I wondered, as I stood staring, how did it happen? And I thought, with the simplistic perspective of a naive 13-year-old, how can he live like that? As if in answer to my stupid question to myself, his eyes met mine. He’d caught me staring. Before I could turn away in shame, he lowered his eyes and bowed his head. Deeply ashamed, I walked away, very confused by what I had seen, what I felt.
A bit later that day (the picnic went on all day of course), a mate told me about the bloke with no legs sitting on the sand.
‘Oh yeah, that’s ... ’, my mate said. I forget the name now. And my mate knew what had happened to him as well: Landmine. In Vietnam of course. Seems the legless guy had stepped on one. Also, my mate told me, the poor bastard was an especially invited guest at our picnic.
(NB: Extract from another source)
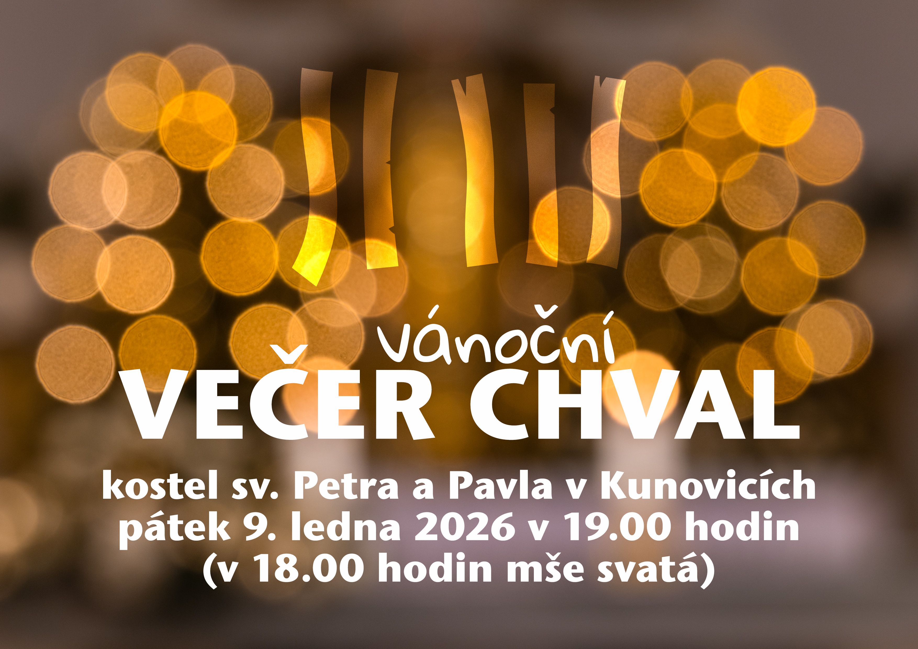 Všichni jste srdečně zváni na vánoční Večer chval, který bude v pátek 9. ledna 2026 v 19.00 hodin v kostele sv. Petra a Pavla v Kunovicích. Po této modlitbě může setkání pokračovat na farním domečku.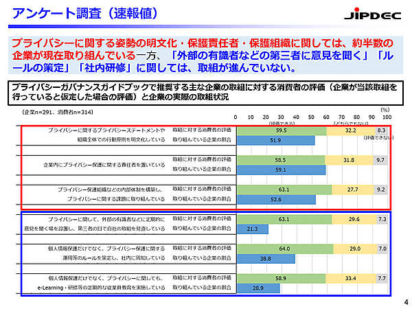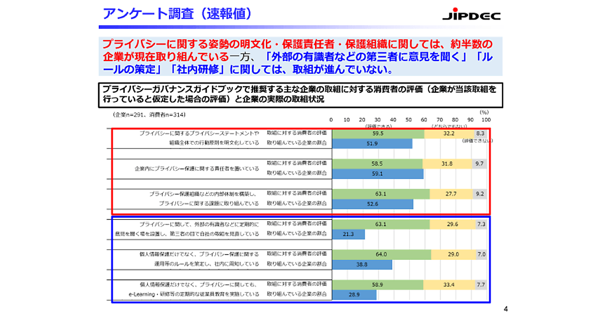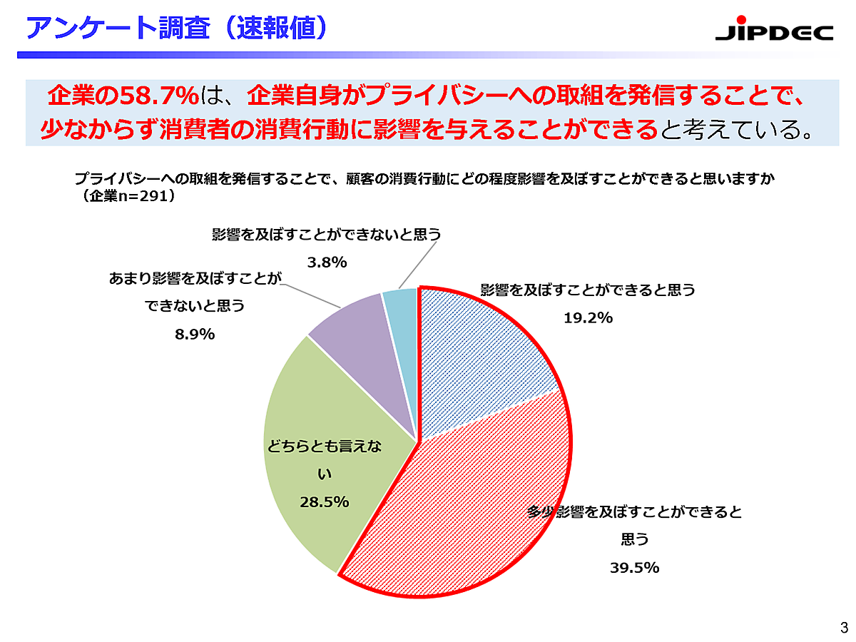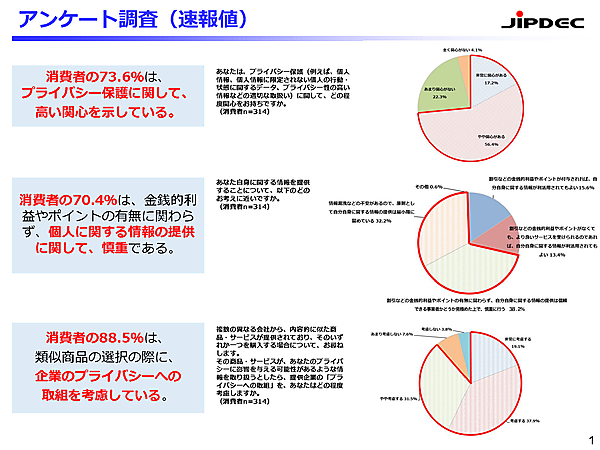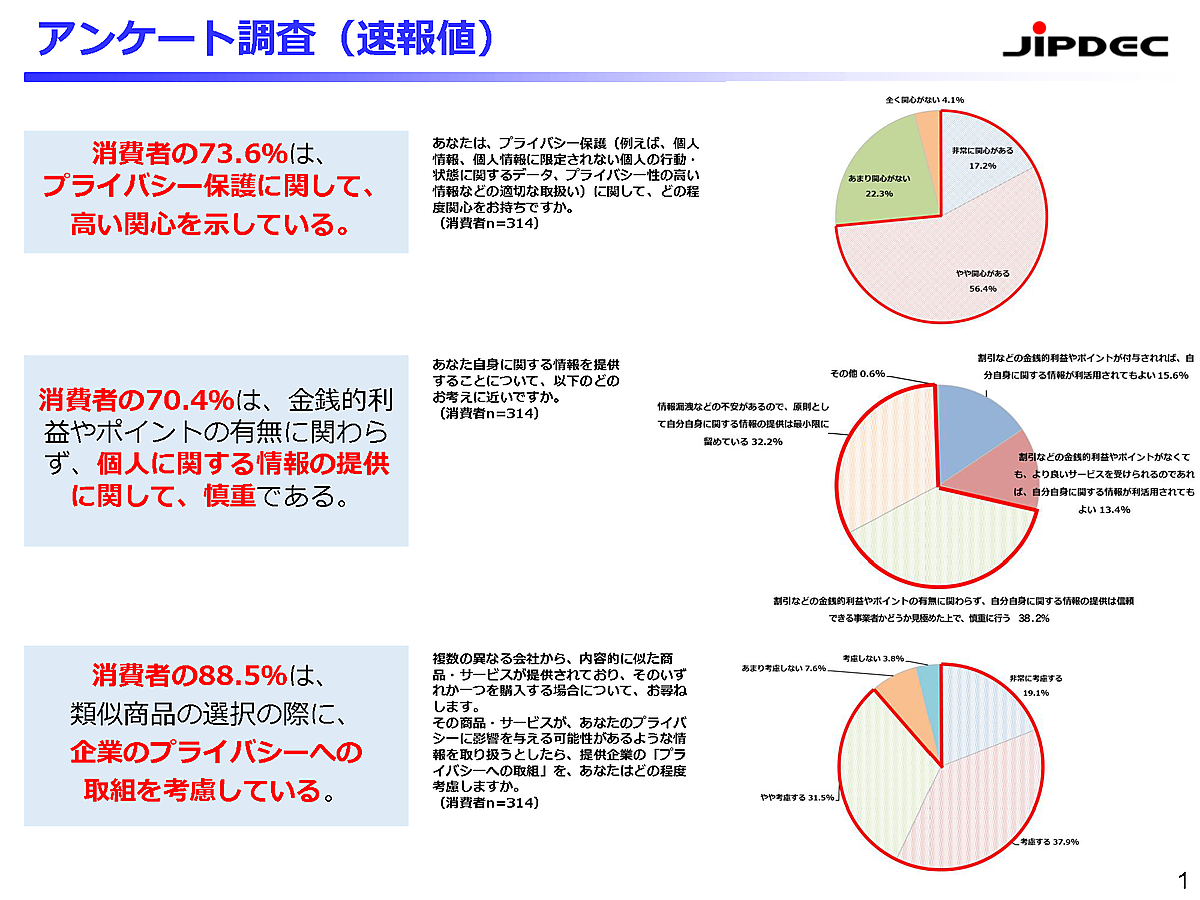 経済産業省、総務省、日本情報経済社会推進協会(JIPDEC)は、「プライバシーガバナンス」に関するアンケートの結果(速報版)を発表した。一般消費者314人、および291社(IoT推進コンソーシアム会員企業)が回答している。

Now, if I’d asked the organizers why they’d invited him, why he was an ‘honored’ guest, I am sure they would have told me that he was a war hero; he’d paid plenty, sacrificed his legs, for his country. For me and everyone else.
But I never did ask them. And back then, in my immature 13-year-old mind, I thought it was bizarre. It was like he was some kind of prized exhibit, a freak to be shown off. But he wasn’t. He was just some poor kid whose number came up one night in a bloody lottery. They told him to go and fight, so he did. Then he stood on a landmine, got his legs blown off and had his whole life buggered.
I wouldn’t say I am a pacifist solely because of that chopped up boy on Balmoral Beach back in ’67. I’ve seen a lot, and learned a lot in the many long years since. Still, as I think of it now, it wasn’t long after that day when I’d turned my eyes from this bloke in shame, that my father came home and I saw what the war had done to him, and then I saw what it did to me and my family. Then later still, I saw that we weren’t alone: the war had really messed up a lot of people, destroyed a lot of lives, ruined families and left a legacy of pain and suffering that is still with us now. No, I guess you could say that the legless guy on that beach simply planted the seed. So he sure played his part.
I thank him for that. And I am sorry I stared; I am sorry that my childish and ignorant behavior forced to you bow your head in what I now know was a sign of your own shame (not that you had any reason for shame of course) and sadness. I see you now, in my mind, sitting on that beach so many years ago. Lest we forget? We always forget the things we ought to remember. But, don’t worry: I’ve never forgotten you.
            This is my strongest beach memory.